=== Work required ===
Find the line that contains "Borsa Jamie Pochon". Copy it and every line after it to the end of the material below, exactly, with no pictures.

=== Source material ===
+ + +

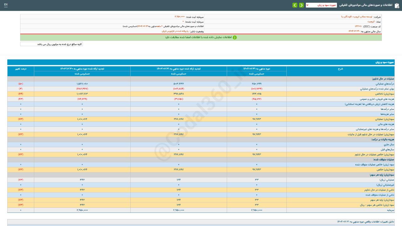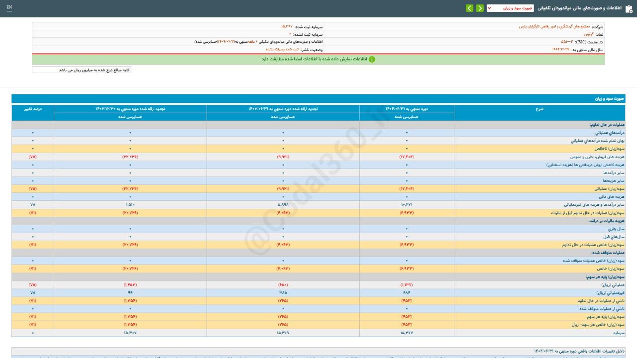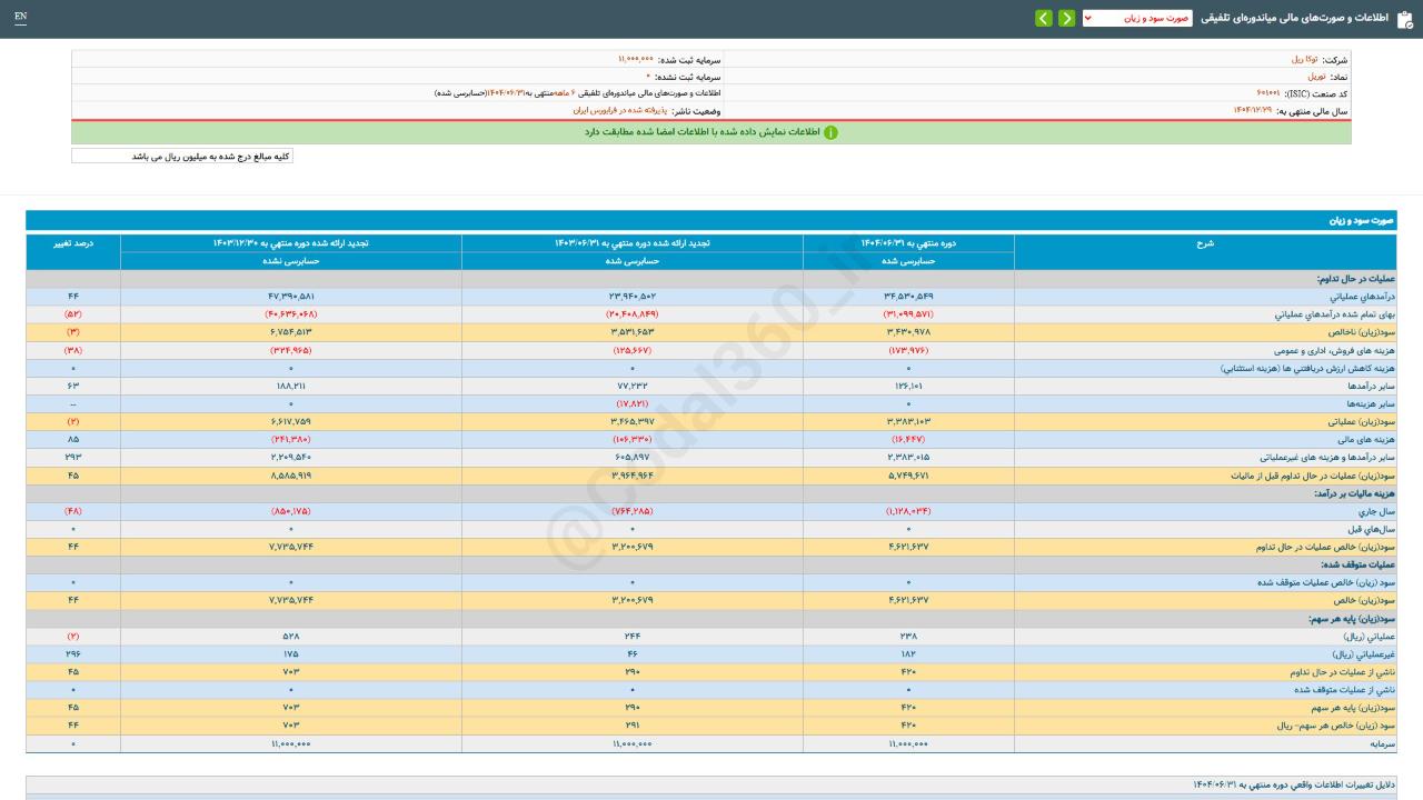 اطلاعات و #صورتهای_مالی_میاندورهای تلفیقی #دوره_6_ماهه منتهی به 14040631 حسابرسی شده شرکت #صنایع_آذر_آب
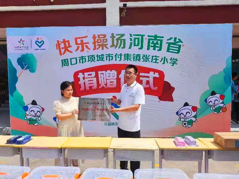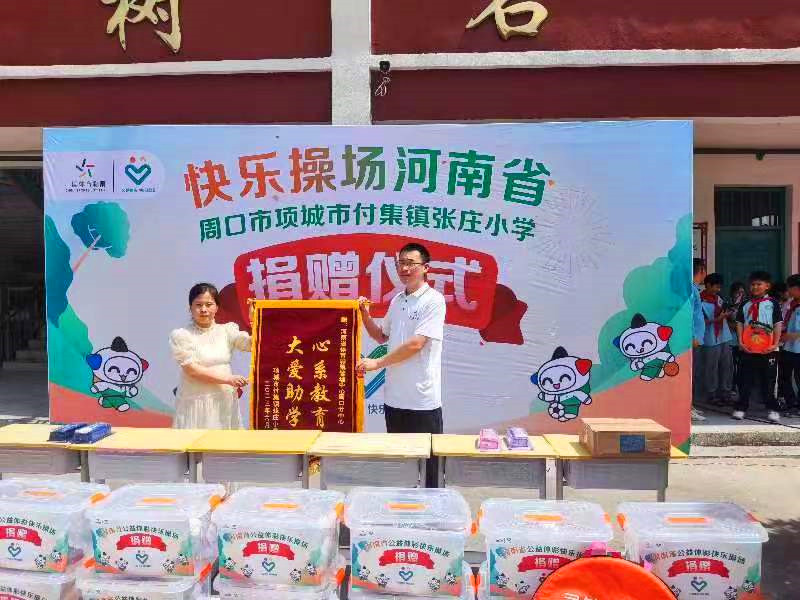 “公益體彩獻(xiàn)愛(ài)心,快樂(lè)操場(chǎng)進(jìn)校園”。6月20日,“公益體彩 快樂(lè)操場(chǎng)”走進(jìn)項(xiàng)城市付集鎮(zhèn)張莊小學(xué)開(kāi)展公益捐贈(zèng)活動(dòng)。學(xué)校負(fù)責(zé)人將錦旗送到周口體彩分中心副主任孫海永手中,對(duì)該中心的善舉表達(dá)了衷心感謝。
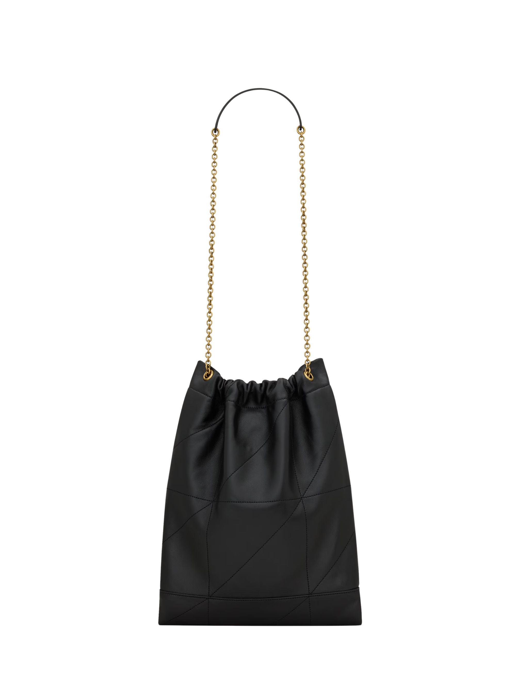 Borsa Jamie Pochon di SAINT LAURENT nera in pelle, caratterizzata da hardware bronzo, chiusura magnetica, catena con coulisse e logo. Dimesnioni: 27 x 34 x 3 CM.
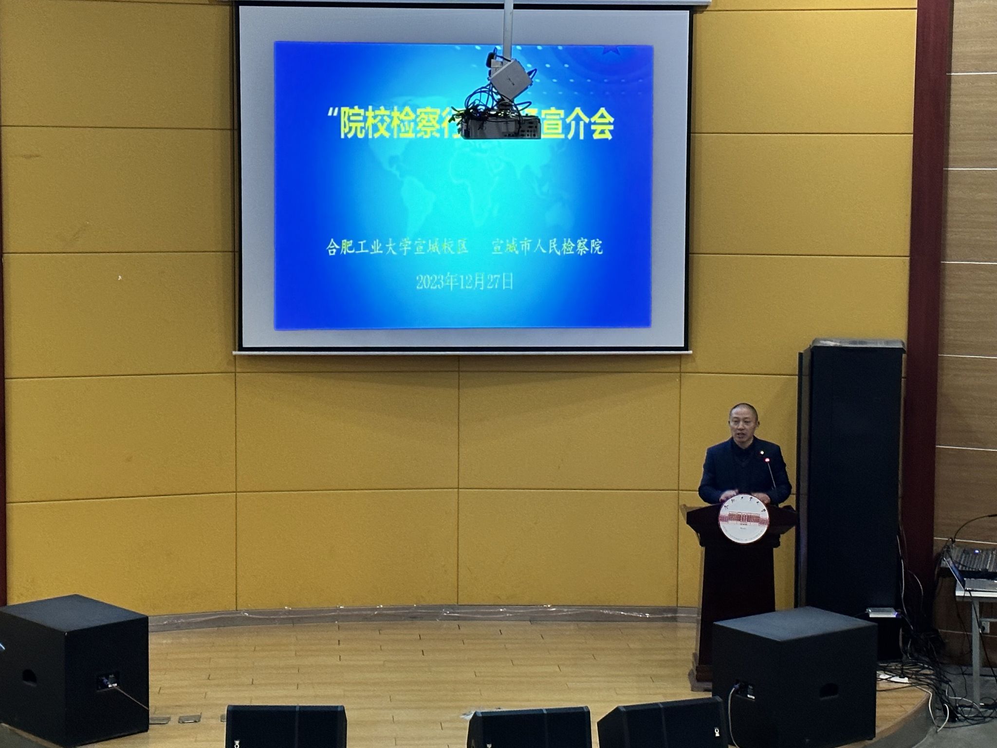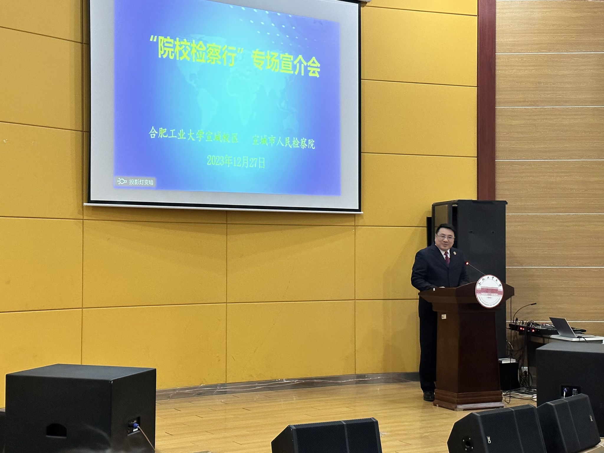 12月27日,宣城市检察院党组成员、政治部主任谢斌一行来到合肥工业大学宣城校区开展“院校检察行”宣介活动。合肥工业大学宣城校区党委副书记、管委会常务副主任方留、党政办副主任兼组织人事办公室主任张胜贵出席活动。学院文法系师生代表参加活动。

+ + +

=== Output of the exercise ===
 Borsa Jamie Pochon di SAINT LAURENT nera in pelle, caratterizzata da hardware bronzo, chiusura magnetica, catena con coulisse e logo. Dimesnioni: 27 x 34 x 3 CM.
 12月27日,宣城市检察院党组成员、政治部主任谢斌一行来到合肥工业大学宣城校区开展“院校检察行”宣介活动。合肥工业大学宣城校区党委副书记、管委会常务副主任方留、党政办副主任兼组织人事办公室主任张胜贵出席活动。学院文法系师生代表参加活动。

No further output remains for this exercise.